Die EM als Wegweiser für die Zukunft

Para Schwimmen-Europameisterschaften: Torben Schmidtke trotzt einem verkorksten Jahr mit mehreren Hiobsbotschaften und kämpft sich mit Spaß zurück, doch die Perspektive ist ungewiss. Frechen, 8. August 2018. Torben Schmidtke weiß, wie schön sich sportlicher Erfolg anfühlt: Silber und Bronze bei den Paralympischen Spielen, Weltrekorde und zahlreiche Medaillen bei Welt- und Europameisterschaften hat er in seiner Sammlung. Doch ganz nach oben aufs Treppchen schaffte es der 29-jährige Para Schwimmer bei internationalen Titelkämpfen noch nicht. Und die Vorzeichen dafür haben sich deutlich verschlechtert. Hinter Torben Schmidtke liegt ein verkorkstes Jahr mit zahlreichen Rückschlägen. Die Europameisterschaften im Para Schwimmen in Dublin (13. bis 19. August) werden für ihn zum Wegweiser für die Zukunft.

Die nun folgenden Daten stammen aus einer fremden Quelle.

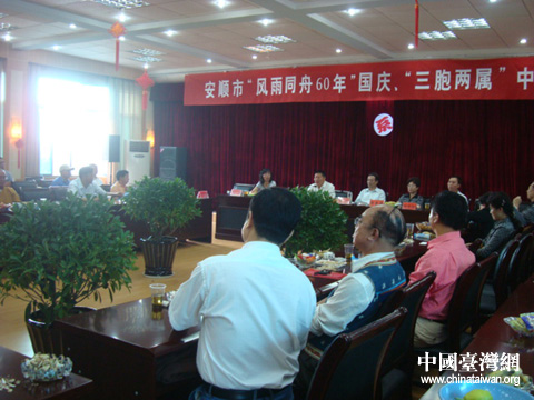 中国台湾网9月28日安顺消息 为庆祝新中国成立60周年,2009年9月24日,安顺市委统战部、市台办,市侨联举行“风雨同舟60年”国庆座谈会、“三胞两属”中秋茶话会暨文艺联欢活动。
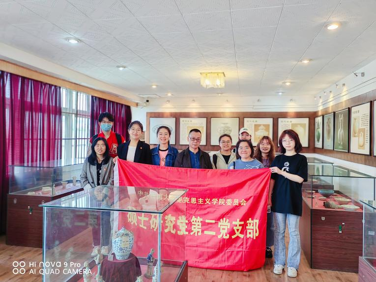 最后,支部根据本次主题党日活动的具体安排,开展了一场“行走”的党日活动。在学校历史博物馆馆长卞兆明老师、支部书记谢忱同志的带领下,支部成员到学校历史博物馆进行参观,在一件件瓷器、铜器背后感受中华优秀传统文化的魅力,在声声讲解中提升对中华优秀传统文化的情感认同。
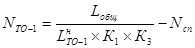 де Lн ТО-1 =3000 км – нормативний пробіг автомобіля до ТЕ-1 .
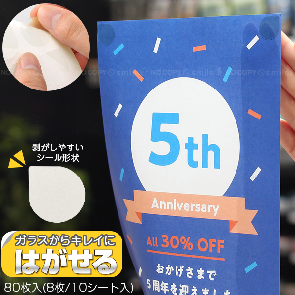 はがせる両面シール ガラス掲示用 TT0014 80枚入(8枚/10シート入)「普通郵便送料無料」/ 両面テープ シール 窓用 はがせる ガラス 掲示 ポスター
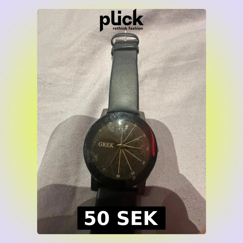 Stilren svart klocka från GREK med rund urtavla och guldiga visare samt detaljer. Klockan har ett svart band i syntetmaterial och minimalistisk design. Perfekt accessoar för att lyfta din outfit. Funkar ej!
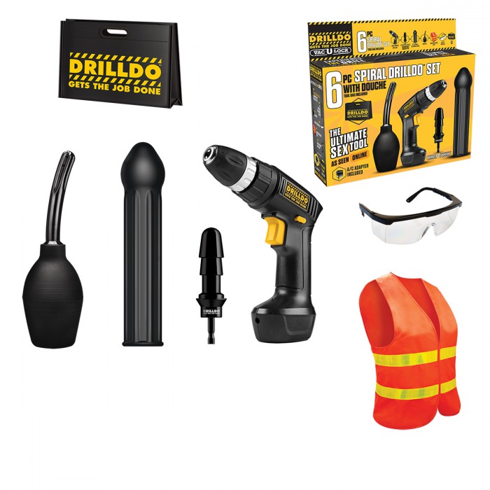 Мечта любителей хардкорного секса сбылась! Полный набор для настоящего анального секса в отличном исполнении от DRILLDO. Большой набор из 7 предметов. Секс-шуроповерт, переходник для насадок Vac-U-Lock, ребристый 8-дюймовый член, анальный душ, жилет со светоотражающими полосками, защитные очки, фирменный чехол. А теперь о каждом предмете отдельно. Секс-шуроповерт заряжается от сети, поставляется с маленькими зарядом батареи, поэтому рекомендуется перед первым применением заряжать его около 5 часов. Для полного заряда в последствии потребуется 3-5 часов. Когда девайс будет полностью заряжен, на нем погаснет световой индикатор заряда. Имеет регулировку интенсивности вращения, осуществляет 300 оборотов в минуту без вставленного бита. Стальная битка (адаптер) в форме штыря Vac-U-Lock позволит использовать любые насадки, подходящие для этого разъема. Анальная клизма с мягким резервуарам для воды и гибкой тонкой трубкой с желобками. Длина трубки 12 см, диаметр 1,5 см. Силиконовый большой анальный фаллос с рельефным
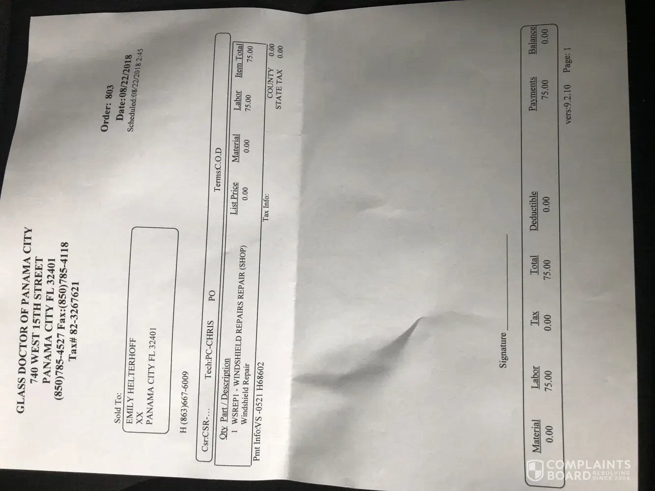 My name is Emily Helterhoff. I purchased a 2015 Jeep Wrangler Unlimited Sport from Autonation Hyundai on August 17th. This is now the second complaint I am making, because after the first complaint I was promised a refund for the battery that I had to replace that was $200. When I purchased the vehicle, there was a chip in the windshield that was promised to be payed for to fix as well. That was documented in the paper work. Robert Laster contacted me after my first complaint and asked that I send the receipt for the battery and the glass repair, which I did. On 8/22/18 I sent him the battery receipt, and on 8/28/18 I sent him the glass repair receipt.

Im Trainingslager auf Lanzarote versucht Torben Schmidtke so gut es geht Schadensbegrenzung zu betreiben. Die Kunst ist es, sich in acht Wochen in bestmögliche körperliche Verfassung und in EM-Form zu bringen. „Mit intensivem Training werde ich jetzt das Beste aus dieser Situation machen“, sagt der Athlet des SC Potsdam, der sich in über zehn Jahren Leistungssport ein gutes Grundlagenniveau antrainiert hat. Die angesprochene Situation hatte ihren Ursprung schon im Sommer 2017. Windpocken im Trainingslager verhinderten einen Start bei der letztjährigen WM in Mexiko. Diese musste zwar aufgrund des schlimmen Erdbebens in den Dezember verschoben werden, doch auch zu diesem Zeitpunkt war an eine Teilnahme nicht zu denken. „Ich habe hart trainiert, aber es ging gar nichts. Ich konnte einfach nicht schnell schwimmen und habe mich richtig schlecht gefühlt“, berichtet Schmidtke rückblickend.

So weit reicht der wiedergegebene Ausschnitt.